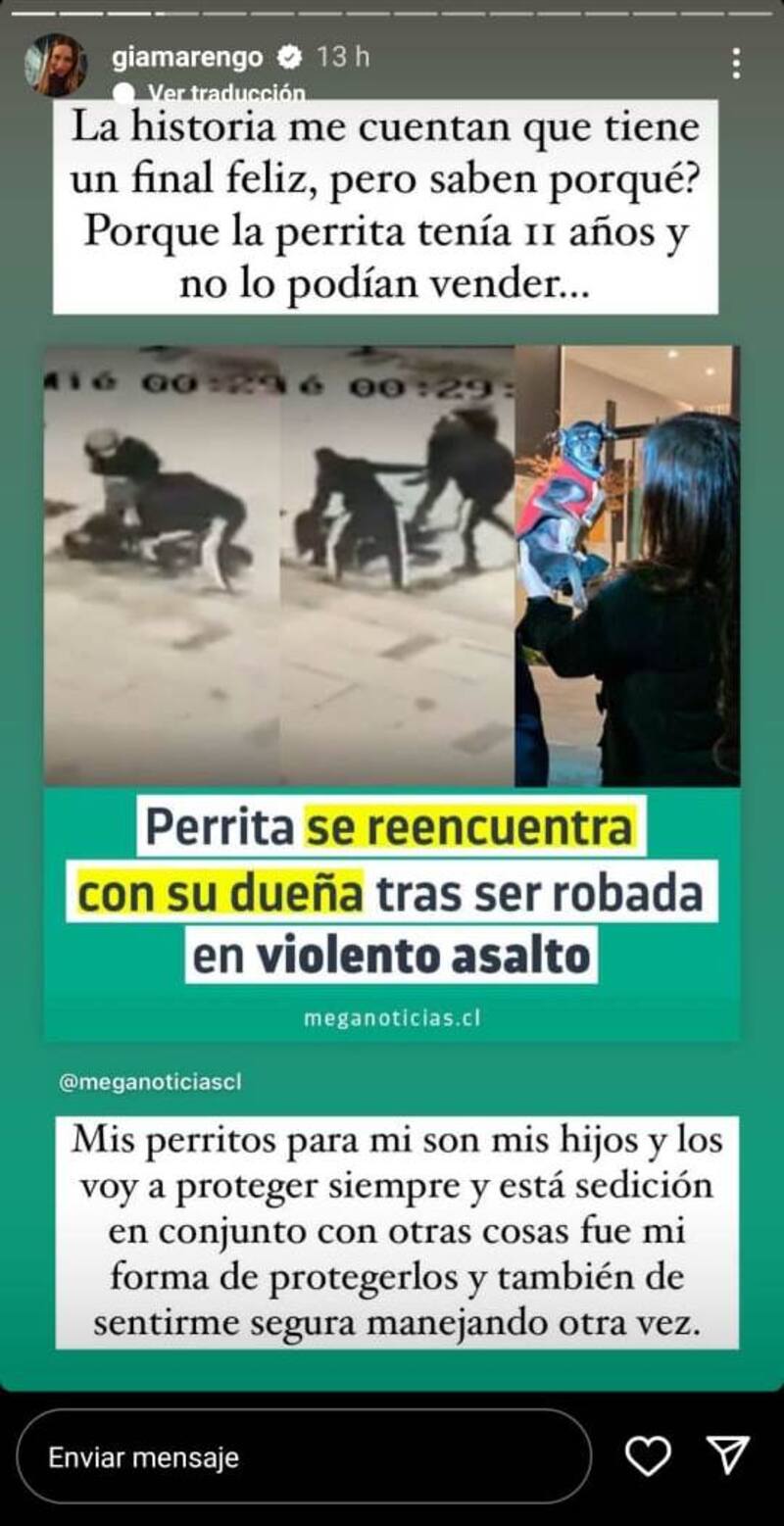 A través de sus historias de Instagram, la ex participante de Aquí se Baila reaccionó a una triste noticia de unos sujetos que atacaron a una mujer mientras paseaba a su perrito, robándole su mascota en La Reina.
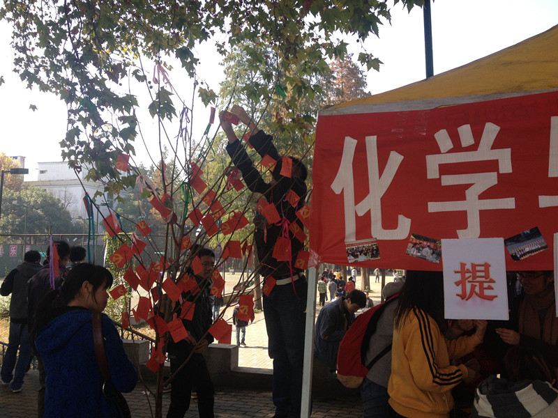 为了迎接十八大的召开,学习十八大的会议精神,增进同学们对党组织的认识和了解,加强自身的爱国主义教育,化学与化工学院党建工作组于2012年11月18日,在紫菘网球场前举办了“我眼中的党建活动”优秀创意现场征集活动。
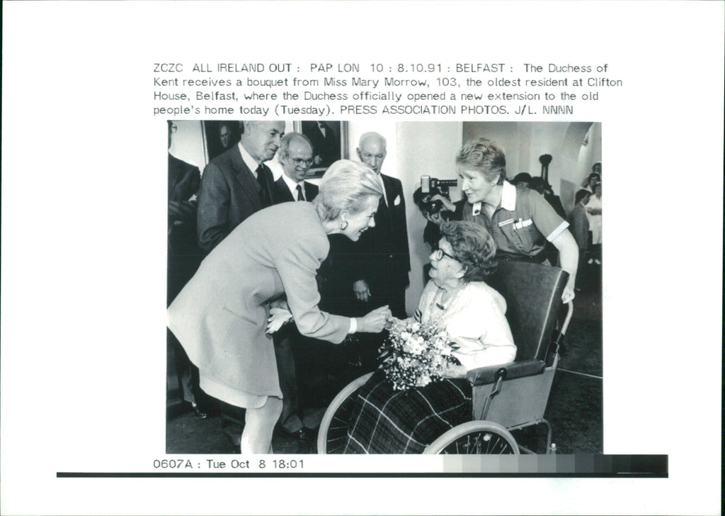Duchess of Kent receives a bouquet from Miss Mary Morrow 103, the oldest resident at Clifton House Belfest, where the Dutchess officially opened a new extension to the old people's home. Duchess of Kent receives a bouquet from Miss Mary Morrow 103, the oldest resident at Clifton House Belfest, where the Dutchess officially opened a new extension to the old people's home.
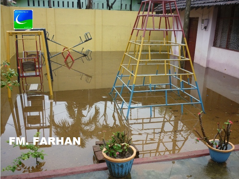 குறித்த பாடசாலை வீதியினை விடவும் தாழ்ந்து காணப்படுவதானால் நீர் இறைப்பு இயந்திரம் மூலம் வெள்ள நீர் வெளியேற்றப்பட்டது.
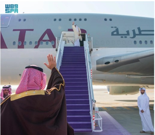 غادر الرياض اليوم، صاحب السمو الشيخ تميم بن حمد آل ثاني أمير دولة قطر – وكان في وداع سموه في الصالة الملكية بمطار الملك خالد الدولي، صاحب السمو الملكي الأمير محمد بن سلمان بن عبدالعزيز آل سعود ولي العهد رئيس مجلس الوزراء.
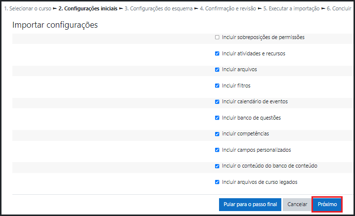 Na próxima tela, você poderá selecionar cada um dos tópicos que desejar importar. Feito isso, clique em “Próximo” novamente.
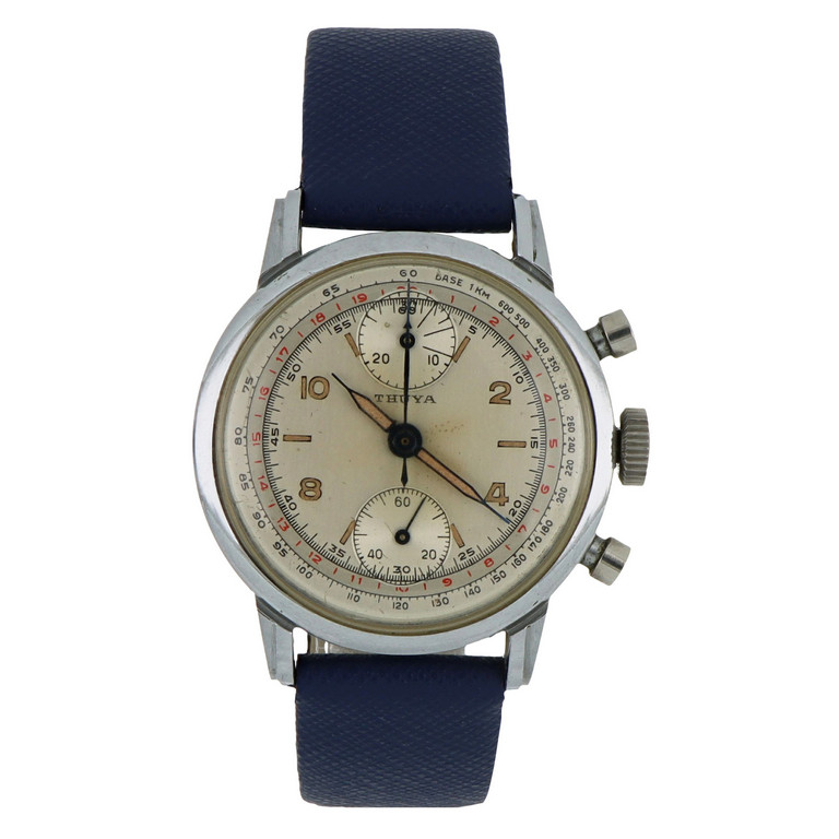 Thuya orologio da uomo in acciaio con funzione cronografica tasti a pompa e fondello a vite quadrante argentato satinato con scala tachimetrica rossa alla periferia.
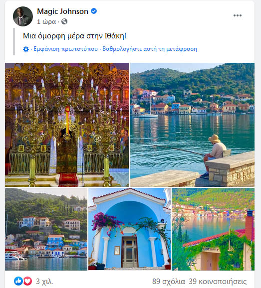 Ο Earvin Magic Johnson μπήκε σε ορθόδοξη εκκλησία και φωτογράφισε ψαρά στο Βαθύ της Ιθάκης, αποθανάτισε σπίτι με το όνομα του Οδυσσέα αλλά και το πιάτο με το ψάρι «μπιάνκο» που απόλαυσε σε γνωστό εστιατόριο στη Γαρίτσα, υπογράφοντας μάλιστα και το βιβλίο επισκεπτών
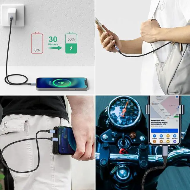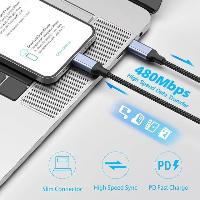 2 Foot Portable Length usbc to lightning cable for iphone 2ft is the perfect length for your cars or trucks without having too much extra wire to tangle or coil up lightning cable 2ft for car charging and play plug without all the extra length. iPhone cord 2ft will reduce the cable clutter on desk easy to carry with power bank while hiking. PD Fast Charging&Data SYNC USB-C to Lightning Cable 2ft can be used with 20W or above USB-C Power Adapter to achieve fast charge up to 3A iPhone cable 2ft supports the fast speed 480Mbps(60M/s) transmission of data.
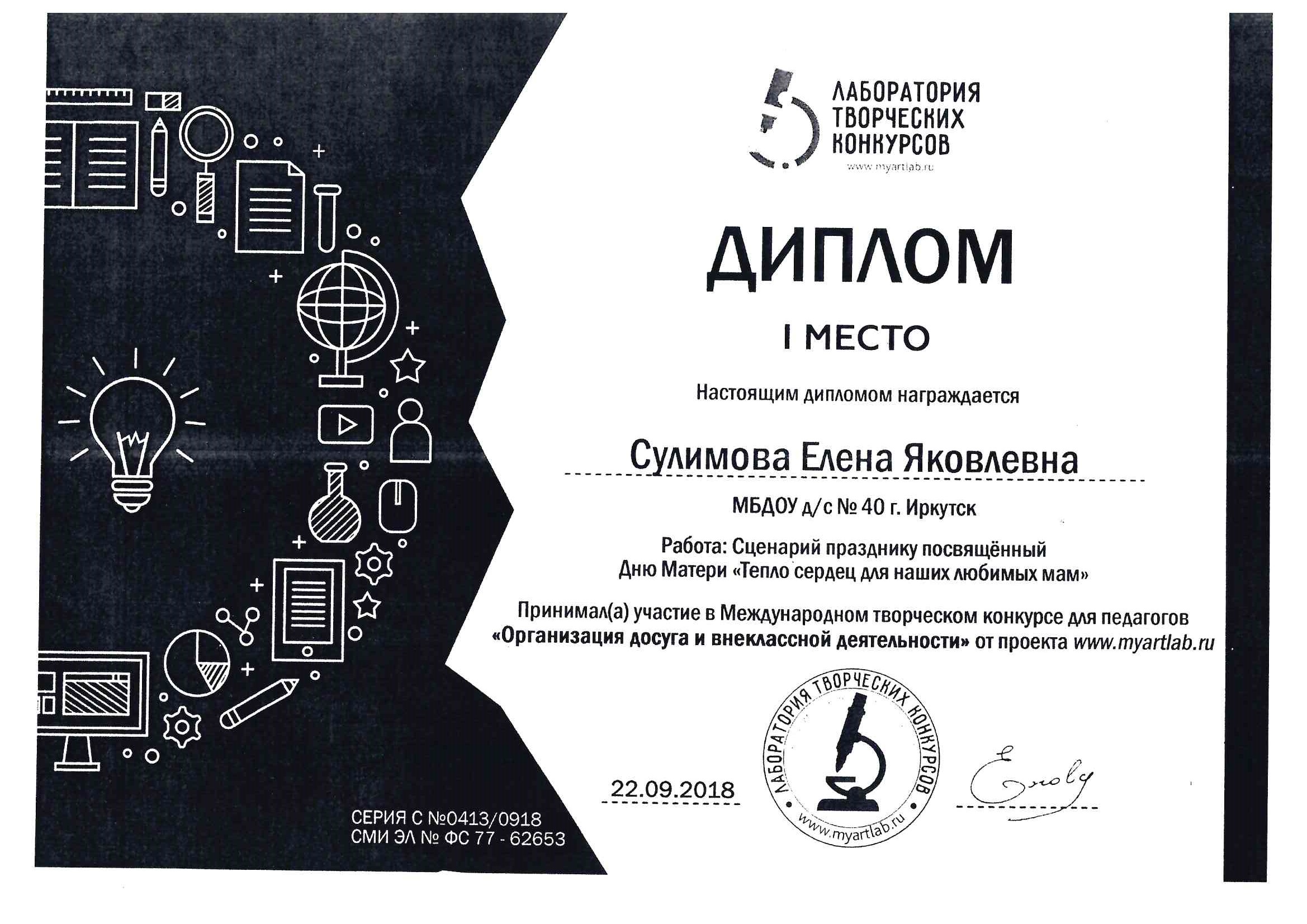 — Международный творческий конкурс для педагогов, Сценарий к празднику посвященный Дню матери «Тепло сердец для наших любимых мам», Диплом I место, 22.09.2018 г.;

____________

**ASSIGNMENT:** Reproduce exactly, and only, the lines from the opening line of the listing above through the line holding "为了迎接十八大的召开,学习十", minus the pictures.

**RESPONSE AREA:**
 A través de sus historias de Instagram, la ex participante de Aquí se Baila reaccionó a una triste noticia de unos sujetos que atacaron a una mujer mientras paseaba a su perrito, robándole su mascota en La Reina.
 为了迎接十八大的召开,学习十八大的会议精神,增进同学们对党组织的认识和了解,加强自身的爱国主义教育,化学与化工学院党建工作组于2012年11月18日,在紫菘网球场前举办了“我眼中的党建活动”优秀创意现场征集活动。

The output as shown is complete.